目安箱とは?
めやすばこ
目安箱とは、江戸幕府の将軍・徳川吉宗が享保の改革の一環として設置した投書箱で、庶民が直接幕府に意見や訴えを届けられる制度です。
目安箱(めやすばこ)とは、江戸時代に第八代将軍・徳川吉宗が享保の改革(1716〜1745年)の一環として設置した、庶民からの直訴・建議を受け付ける投書制度です。1721年(享保6年)に評定所前に置かれたのが始まりとされています。
当時、庶民は身分制度の壁があり、幕府や藩の政策に対して直接意見を述べる手段をほとんど持っていませんでした。目安箱は、そうした庶民の声を直接将軍に届けることを目的として設けられ、投書した者の氏名は秘密が守られると告知されました。

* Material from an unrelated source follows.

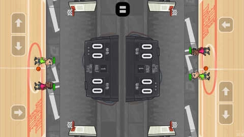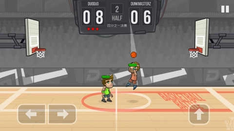 游戏里控制角色移动的方式是按住屏幕左下角的两个箭头,而控制角色跳投则需要用手指按住屏幕右侧的空白区域。不过跳投时有个小细节要注意:得在主角跳到空中时就松开手指,不然角色是不会把篮球投出去的。

目安箱に寄せられた投書の中から、吉宗が実際に政策に反映させたものもあります。小石川養生所(無料の医療施設)の設置は、投書をきっかけに実現した代表的な例として知られています。
目安箱の意義は以下の点にあります。
- 権力者と庶民の間に直接的な意思疎通の回路を設けた点
- 民意を政治に取り込む仕組みの先駆けとなった点
- 封建社会の中での限定的な「参加型統治」の試みであった点
現代では、市区町村の「意見箱」や企業の「提案箱」など、広く意見を集める仕組みの比喩としても「目安箱」という言葉が使われます。
使い方・例文
歴史の授業や時代劇では江戸時代の庶民が訴えを届ける場面で登場し、現代では会社や自治体の意見・提案を集める箱を指して「目安箱」と呼ぶこともあります。